-- Records for this exercise follows --

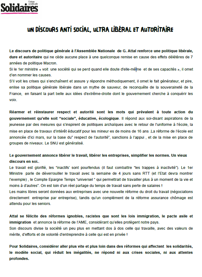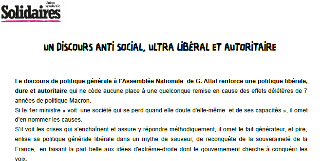 Le discours de politique générale à l'Assemblée Nationale de G. Attal renforce une politique libérale, dure et autoritaire qui ne cède aucune place à une quelconque remise en cause des effets délétères de 7 années de politique Macron.
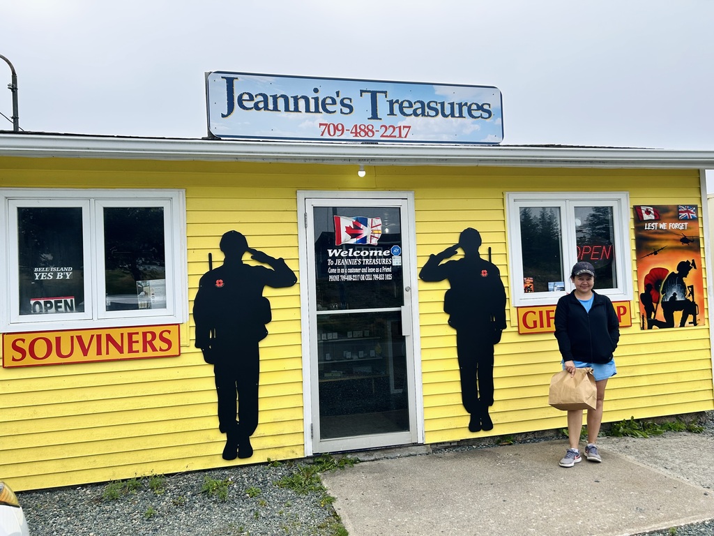 By chance, that belief led me to a colorful, unassuming cottage—a yellow house with a simple sign that read Jeannie's Treasure. Not easy to miss and impossible to ignore once seen. We pulled over, and lo and behold, it was a treasure cove of some of Newfoundland’s finest souvenir pieces.
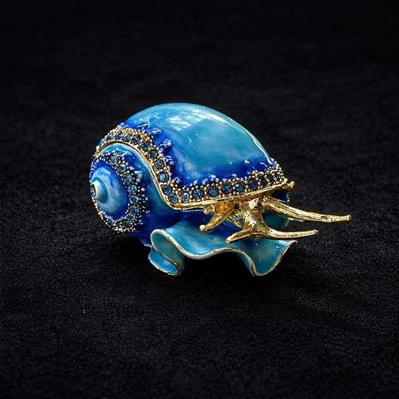 A decorative conch-shaped trinket box made from metal and finished with hand-painted enamel and set rhinestone accents. The hinged design opens to a small interior compartment suitable for holding rings, earrings, or other small keepsakes.
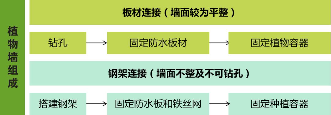 通常来讲,墙体分为混泥土墙、玻璃幕墙、砖墙、轻钢龙骨隔断等(也没有实体墙的)。根据不同植物墙的种植方式的特点及固定的要求,植物层与墙体的连接一般分两种方式;
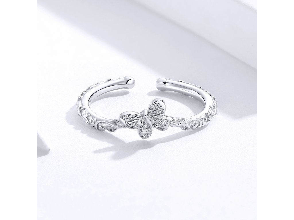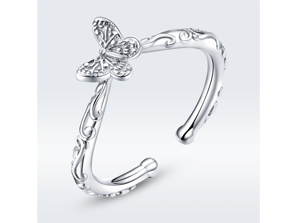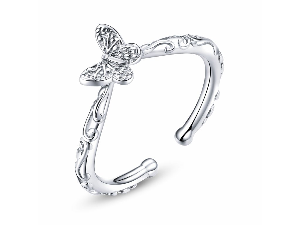 - Stříbrný nastavitelný prsten v designu Krásného propracovaného motýlu. Originální design prstenu, kvalitní zpracování a materiál, ručně dohotovené.

-- Records for this exercise concluded --

About this exercise —
An exact printout of the entries is wanted, covering the first line through the line holding "By chance, that", with pictures kept out of it.

Answer section —
 Le discours de politique générale à l'Assemblée Nationale de G. Attal renforce une politique libérale, dure et autoritaire qui ne cède aucune place à une quelconque remise en cause des effets délétères de 7 années de politique Macron.
 By chance, that belief led me to a colorful, unassuming cottage—a yellow house with a simple sign that read Jeannie's Treasure. Not easy to miss and impossible to ignore once seen. We pulled over, and lo and behold, it was a treasure cove of some of Newfoundland’s finest souvenir pieces.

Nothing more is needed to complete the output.